Serving Midwest Aviation Since 1960

Living where you fly

Hector Airport continues policy of live-in manager, established in the 1940s

When it comes to advocating for a permanent resident living at a community airport, Ed and Connie Newberg, have, quite literally, lived their convictions for 38 years. When they got married in 1977, they moved to the Hector Municipal Airport.

"Then resident, Gary (Bipes) had it for sale, and I was already hanging around at the airport quite a bit," said Ed Newberg, "so it just seemed a natural thing to do, live at the airport. We are just a mile from town. It's been wonderful."

Hector Airport was established in 1925. Except for one brief time in the 1960s, someone has lived at the airport since the 1940s. Most airports were closed in 1942 because of World War II but Hector was opened again when it promised a civilian guard would provide a 24/7 presence.

When the Newbergs moved in, they purchased the 14 by 70-foot mobile home that had been established on the property. In 1987, they replaced the mobile home with a double wide manufactured home. In 1997, they put a basement under the house. Though the city owns the airport, as home owners, Newbergs were responsible for utilities, taxes, upkeep, and improvements to the house.

"In 1981, we started a spray business," said Newberg. "It was really nice to be right there, walk across the ramp, and go to work. You can't beat that."

Newberg noted having someone live on the property also has benefits for the airport. For example, airports with a 24/7 presence may qualify for insurance discounts. Also, when mishaps occur, help is available immediately, like the times an aircraft blocked a runway and he and his tractor were readily available to assist in moving the plane. There have also been two accidents at Hector Airport over the years, in which injuries were mitigated by the fact that someone was right there to assist and call 911.

However, Newberg said, accidents aside, the most important reason for someone to live at the airport is the practical matter of the safety and well-being of the airport itself, and for advocating for general aviation.

"When you have kids riding up on their bicycles, or anyone driving up to the airport, there are going to be a few different possibilities for the way it could go," said Newberg. "One would be, if there is nobody there, someone is maybe going to get into mischief, maybe innocently, maybe not so innocently."

Newberg said airport grounds being unkempt and uncared for invites mischief, including vandalism or theft. He recalled several instances of assets at community airports being spray painted or destroyed. In other cases, aircraft in the tie-down area of a community airport have been tampered with, even to the point of having their engines started, resulting in the airplane ending up damaged when run off the runway.

"Nobody was living there, so that's what happens," said Newberg.

By far, the biggest benefit of a manned airport is being put in the position of an ambassador when company arrives, curious about how an airport works. When Newbergs lived on the airport grounds, they warmly welcomed expected and unexpected visitors alike.

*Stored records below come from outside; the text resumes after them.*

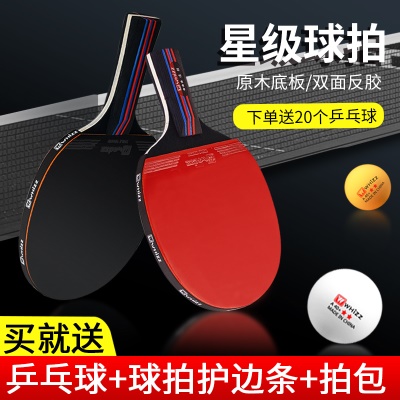 伟强品牌正品乒乓球拍三星比赛训练兵乓球成品直拍横拍学生2只装
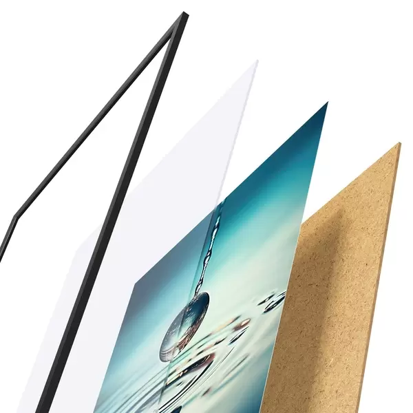 Le poster se compose d'un cadre, d'un plexiglas, d'une image imprimée et d'un support en aggloméré. Le poster peut être immédiatement accroché au mur grâce aux fixations au dos.
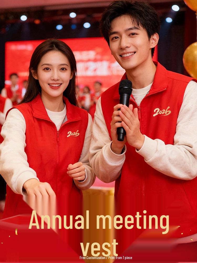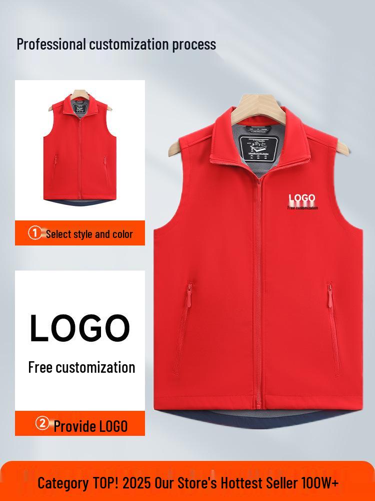 Custom Logo Softshell Vest: Autumn/Winter Red Jacket with Stand-up Collar for Annual Meetings and Events
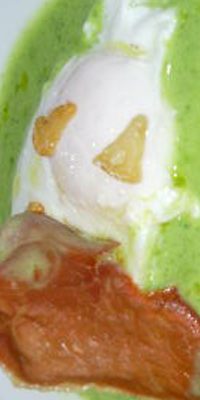 Preparación: Asar los pimientos, partirlos en tiras y colocarlos en una fuente. Escalfar los huevos ponerlos encima de los pimientos y adornar con el lomo. Acompañarlo del pan correspondiente a cada ración.
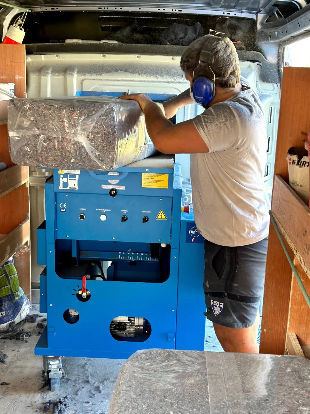 “L’entreprise Label Iso, dirigée par Bastien Lamarque, vient de réaliser son premier chantier en soufflage de combles perdus avec l'isolant "Filéco" soufflé avec la machine Compact 3 d’Isol International.
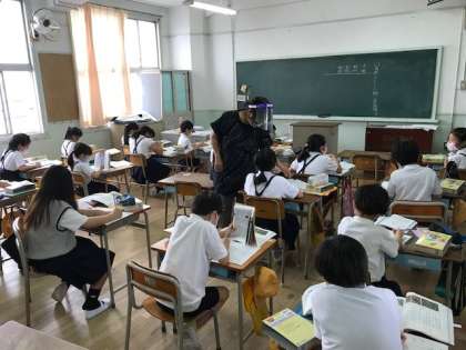 写真は5年生と3年生。国語辞典で意味調べをしました。
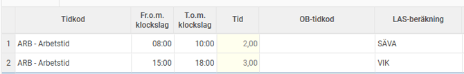 - Om kontering för VIK använts på tidrad och det även finns en tidrad samma dag utan LAS-kontering kommer enbart en VIK-dag genereras.
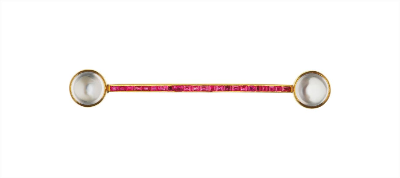 Designed as a bar pin set with a line of square-cut rubies, flanked by cabochon moonstones, mounted in 18K yellow gold, length 3 inches.
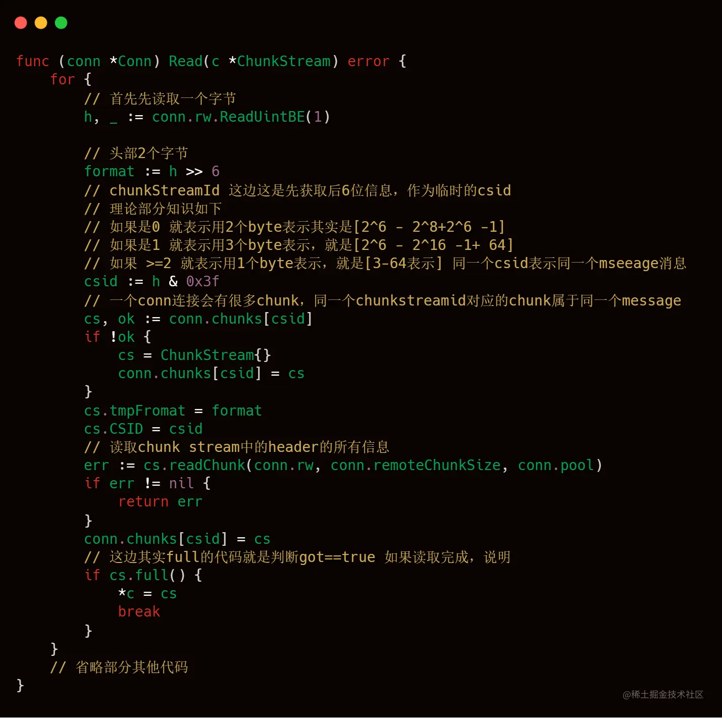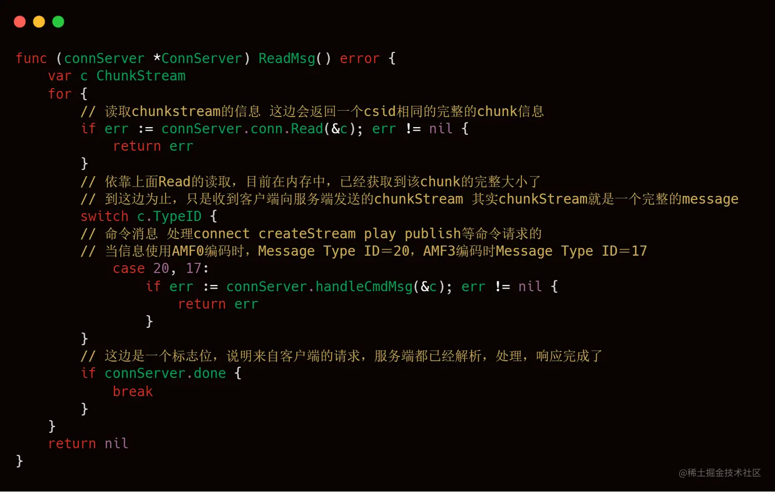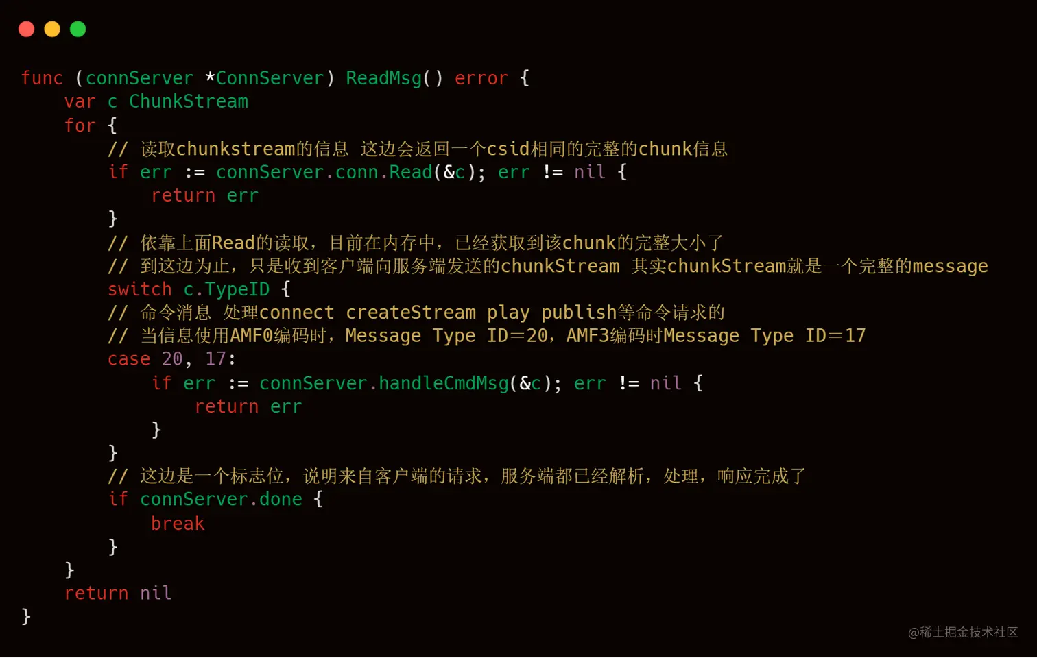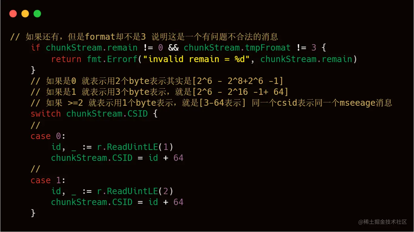 这块代码就是和我们之前理论部分知识介绍的chunkstreamId那块知识比较接近的地方了,大家可以结合起来一起看,大家在脑海中,要注意就是一个conn连接,会传递多个Message,例如连接Message,createStreamMessage等等,每一个Message就是Chunk Stream,也就是多个csid相同的Chunk,所以livego的作者使用map这样的数据结构进行存储,key就是csid,value就是chunkstream,这样就可以将向rtmp服务器发送过来的信息能够全部保存下来。
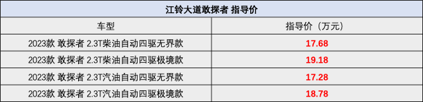 現款在售的江鈴大道敢探者共有4款車型,價格區(qū)間為17.28萬至19.18萬,包括2款柴油動力車型和2款汽油動力車型。值得一提的是,敢探者全系汽柴油動力車型均搭載2.3T+8AT的組合,在同級別車型中動力的優(yōu)勢還是很突出的。
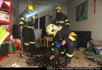Fotografie pořízená pražskými hasiči dne 24. 12. 2017. Škody způsobené požárem stromečku.
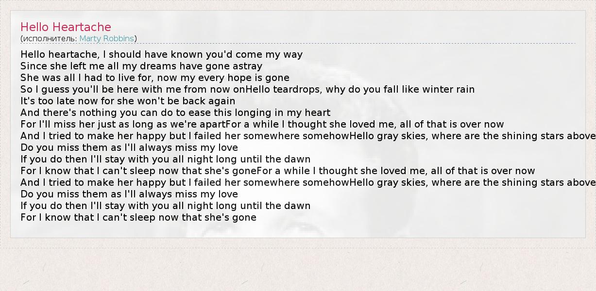 А как ты думаешь, о чем песня "Hello Heartache" ?

"It makes a huge difference when somebody living at an airport is there to be an ambassador," said Newberg. "You think about a kid riding out to an airport and the place looks like a maximum-security prison, all fenced in, gates locked. What kind of experience do they have compared to an open airport where someone comes out, greets them and says, hey kids, do you want to see some of the airplanes we have in these hangars?"

The couple's advocacy also included inviting school groups to the airport on field trips, continuing the tradition of the Annual Flight Breakfast, and sponsoring area students to attend MnDOT's ACE Camp.

In 2016, Ed and Connie continued their advocacy by handing over the keys to the double wide to Nic and Sam Heiderscheidt, cousins who are enthusiastically carrying on the tradition of pride in airport maintenance and accessibility.

Sam has been flying for Newberg for several years. Nic is a commercial pilot who also has experience flying for Newberg and, more importantly, has lived at the airport over the past several winters when Newbergs were out of state.

Nic Heiderscheidt, Mac, his wife, daughter Elisa, and newborn son, Abe are currently living at the airport full time.

"Heiderscheidts are doing a great job," said Newberg. "They keep the airport looking like a golf course, just like we've always done. They are meticulous. It looks like somebody cares. I think that's a big factor for the attractiveness of an airport."

Though Newbergs have moved to a farm just outside of Hector, they are still active visitors to and advocates of the airport.

"I would like to see more of this," said Newberg. "It's going to be one of my passions, promoting people living at more community airports. If you want general aviation to survive, have someone at the airport to fill visitors in on how to get into aviation, how much an airplane costs, how can you find one, what's the best kind of airplane for what a person wants to do in aviation. Those are the kind of answers guys who lived at airports used to provide.

"I see the future and well-being of small, rural airports being threatened by removing rather than promoting a 24/7 presence."